Your objective
Retype the whole listing exactly. Leave out pictures.

Dataset section
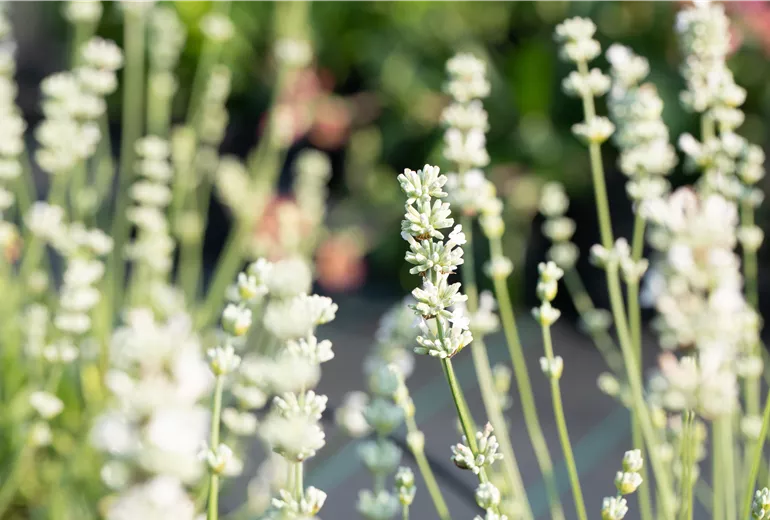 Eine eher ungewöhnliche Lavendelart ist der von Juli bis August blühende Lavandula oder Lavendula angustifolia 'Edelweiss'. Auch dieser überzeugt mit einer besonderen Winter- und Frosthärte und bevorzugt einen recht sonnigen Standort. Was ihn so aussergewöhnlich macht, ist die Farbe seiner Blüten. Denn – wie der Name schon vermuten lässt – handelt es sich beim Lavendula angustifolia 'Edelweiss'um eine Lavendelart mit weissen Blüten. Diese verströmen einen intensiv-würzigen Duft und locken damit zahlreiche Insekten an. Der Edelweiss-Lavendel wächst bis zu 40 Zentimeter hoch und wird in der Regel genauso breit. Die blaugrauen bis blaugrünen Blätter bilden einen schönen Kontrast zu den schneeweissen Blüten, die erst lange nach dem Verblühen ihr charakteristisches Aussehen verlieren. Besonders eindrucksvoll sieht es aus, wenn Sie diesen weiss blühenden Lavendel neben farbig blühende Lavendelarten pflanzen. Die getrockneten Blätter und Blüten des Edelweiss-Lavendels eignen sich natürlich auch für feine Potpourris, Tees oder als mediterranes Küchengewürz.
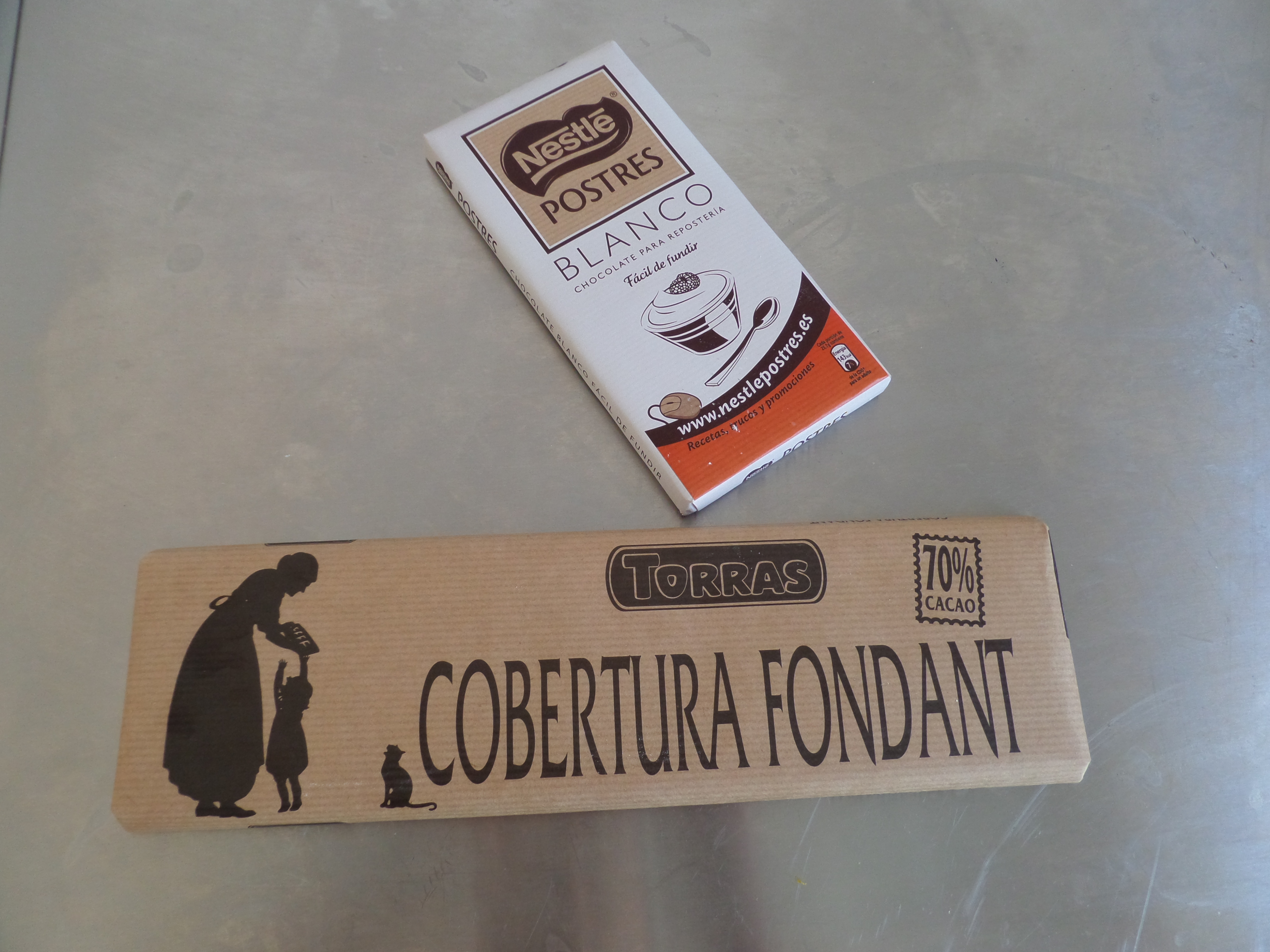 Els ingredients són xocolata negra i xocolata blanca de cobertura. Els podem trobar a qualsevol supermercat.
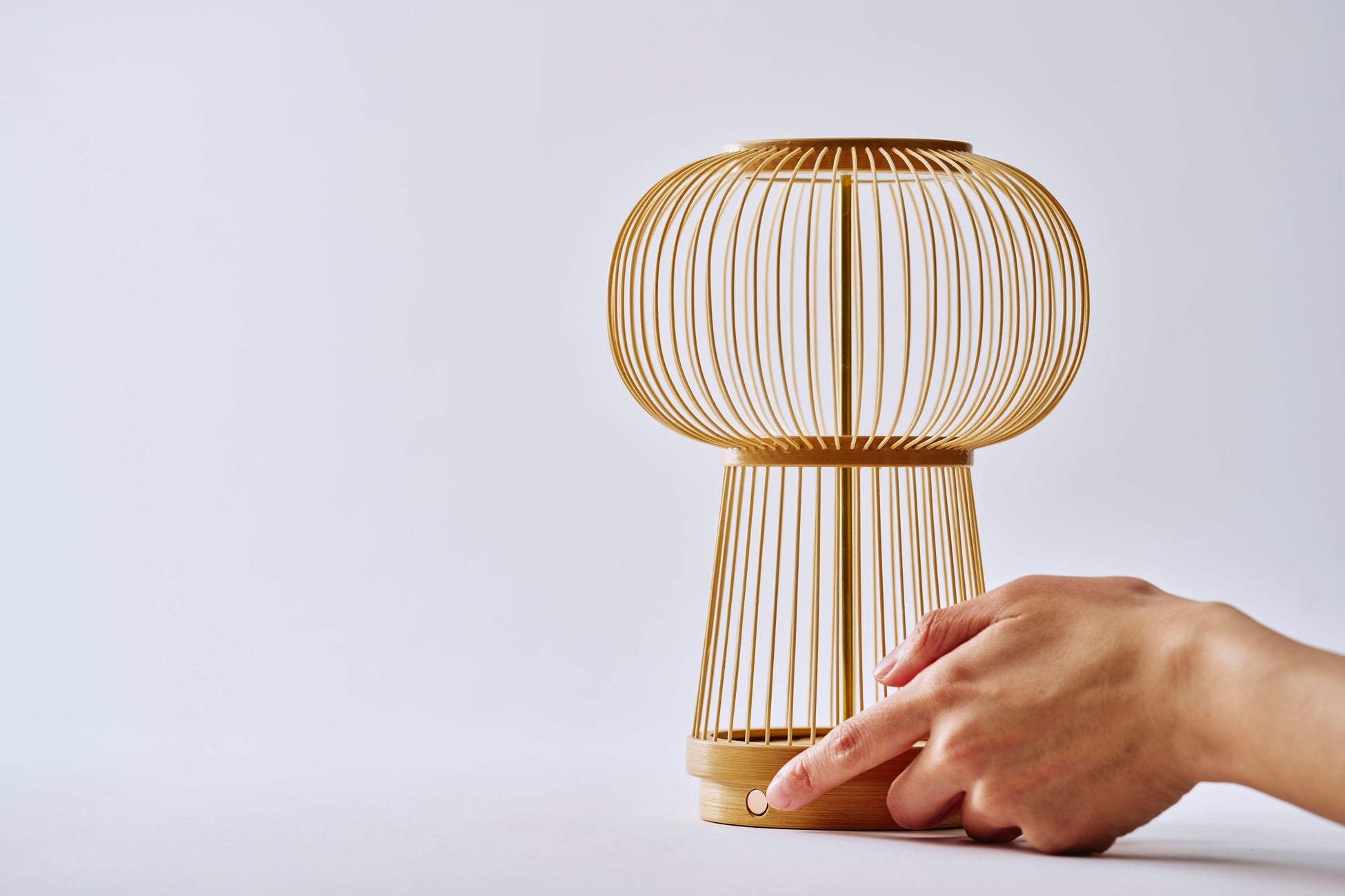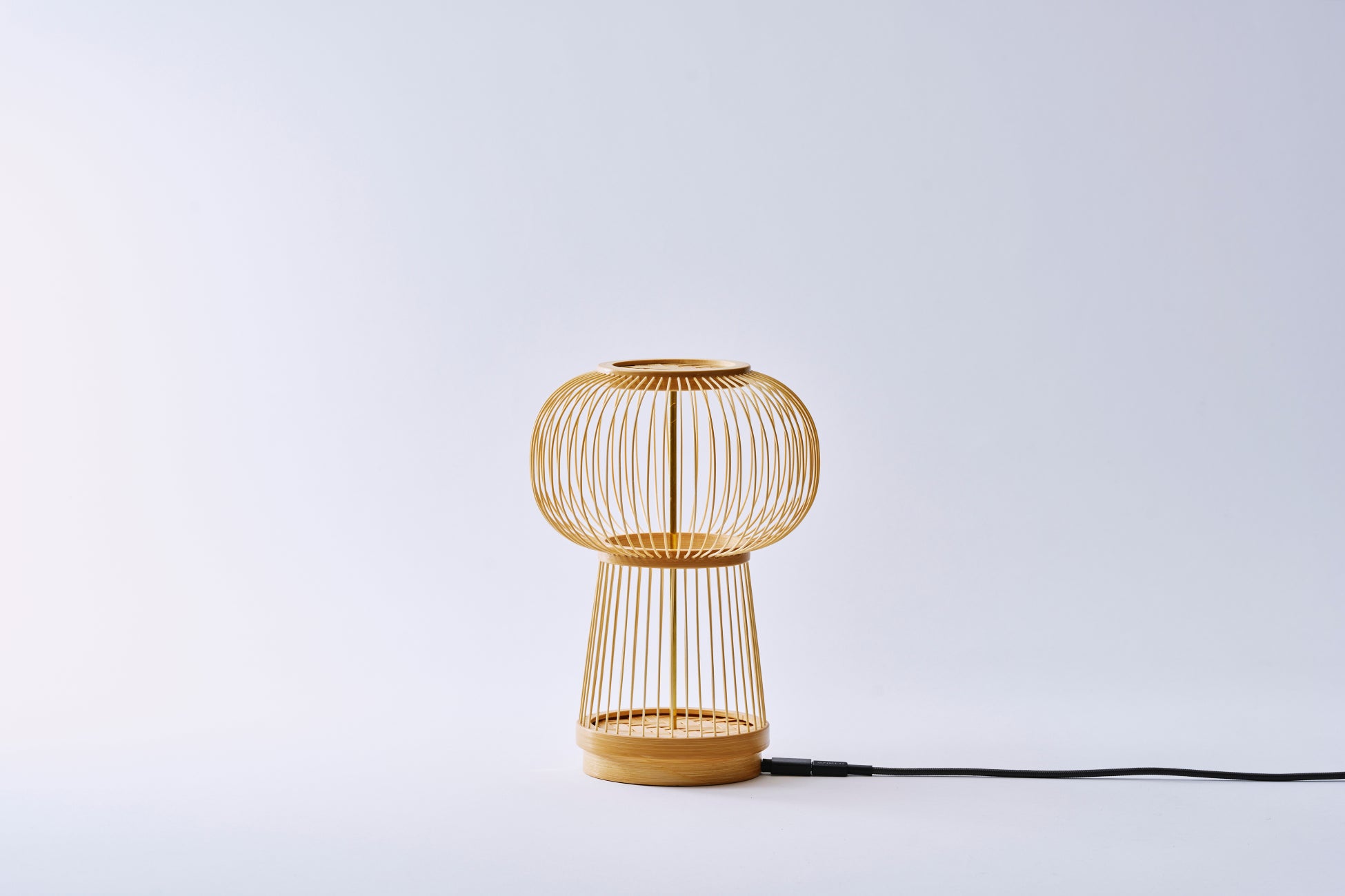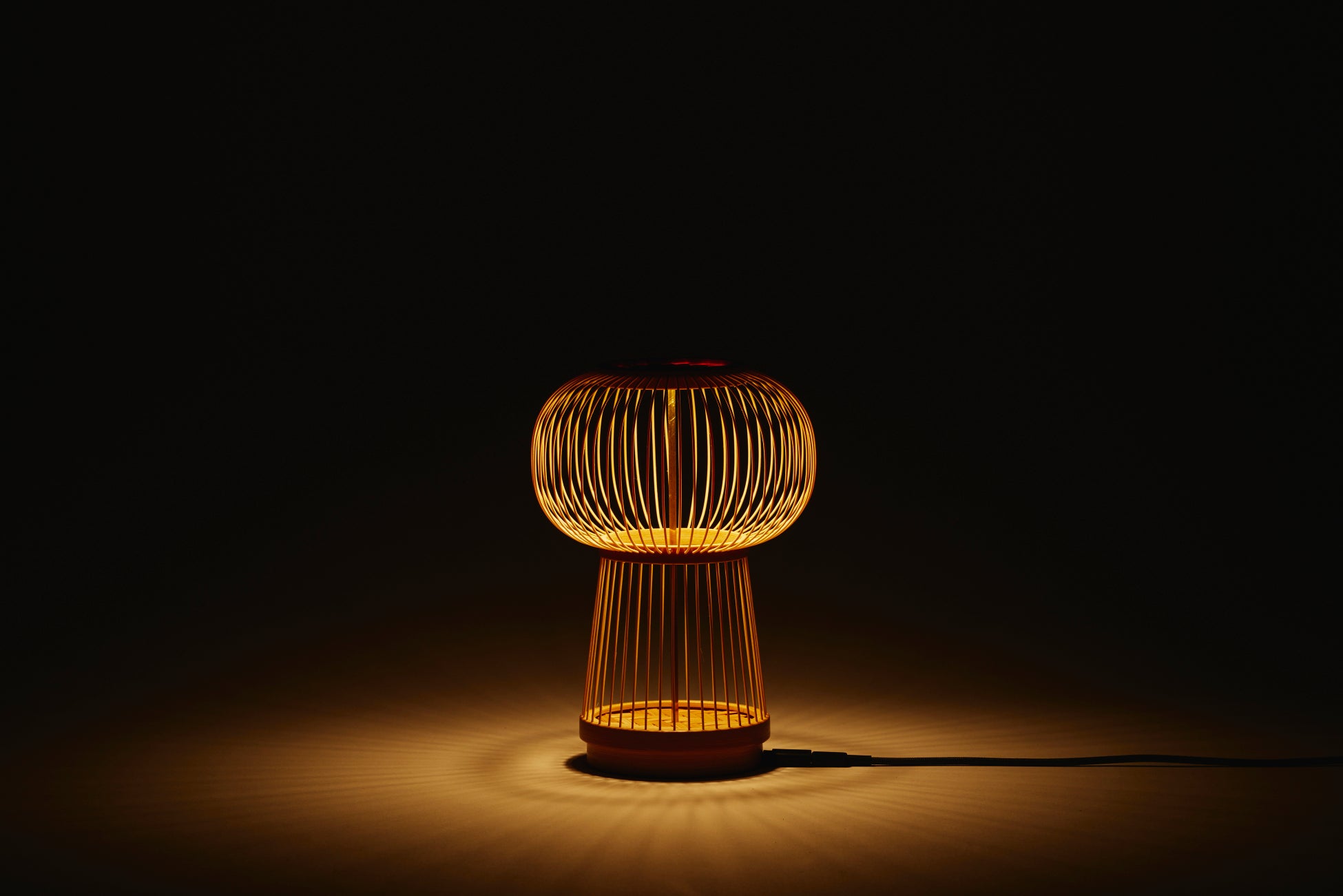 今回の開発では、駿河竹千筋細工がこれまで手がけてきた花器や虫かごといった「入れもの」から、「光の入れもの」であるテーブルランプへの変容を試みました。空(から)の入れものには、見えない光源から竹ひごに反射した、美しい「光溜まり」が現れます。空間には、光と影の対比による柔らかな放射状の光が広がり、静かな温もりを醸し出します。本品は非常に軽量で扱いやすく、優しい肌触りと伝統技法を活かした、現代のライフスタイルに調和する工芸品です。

Output for this task
 Eine eher ungewöhnliche Lavendelart ist der von Juli bis August blühende Lavandula oder Lavendula angustifolia 'Edelweiss'. Auch dieser überzeugt mit einer besonderen Winter- und Frosthärte und bevorzugt einen recht sonnigen Standort. Was ihn so aussergewöhnlich macht, ist die Farbe seiner Blüten. Denn – wie der Name schon vermuten lässt – handelt es sich beim Lavendula angustifolia 'Edelweiss'um eine Lavendelart mit weissen Blüten. Diese verströmen einen intensiv-würzigen Duft und locken damit zahlreiche Insekten an. Der Edelweiss-Lavendel wächst bis zu 40 Zentimeter hoch und wird in der Regel genauso breit. Die blaugrauen bis blaugrünen Blätter bilden einen schönen Kontrast zu den schneeweissen Blüten, die erst lange nach dem Verblühen ihr charakteristisches Aussehen verlieren. Besonders eindrucksvoll sieht es aus, wenn Sie diesen weiss blühenden Lavendel neben farbig blühende Lavendelarten pflanzen. Die getrockneten Blätter und Blüten des Edelweiss-Lavendels eignen sich natürlich auch für feine Potpourris, Tees oder als mediterranes Küchengewürz.
 Els ingredients són xocolata negra i xocolata blanca de cobertura. Els podem trobar a qualsevol supermercat.
 今回の開発では、駿河竹千筋細工がこれまで手がけてきた花器や虫かごといった「入れもの」から、「光の入れもの」であるテーブルランプへの変容を試みました。空(から)の入れものには、見えない光源から竹ひごに反射した、美しい「光溜まり」が現れます。空間には、光と影の対比による柔らかな放射状の光が広がり、静かな温もりを醸し出します。本品は非常に軽量で扱いやすく、優しい肌触りと伝統技法を活かした、現代のライフスタイルに調和する工芸品です。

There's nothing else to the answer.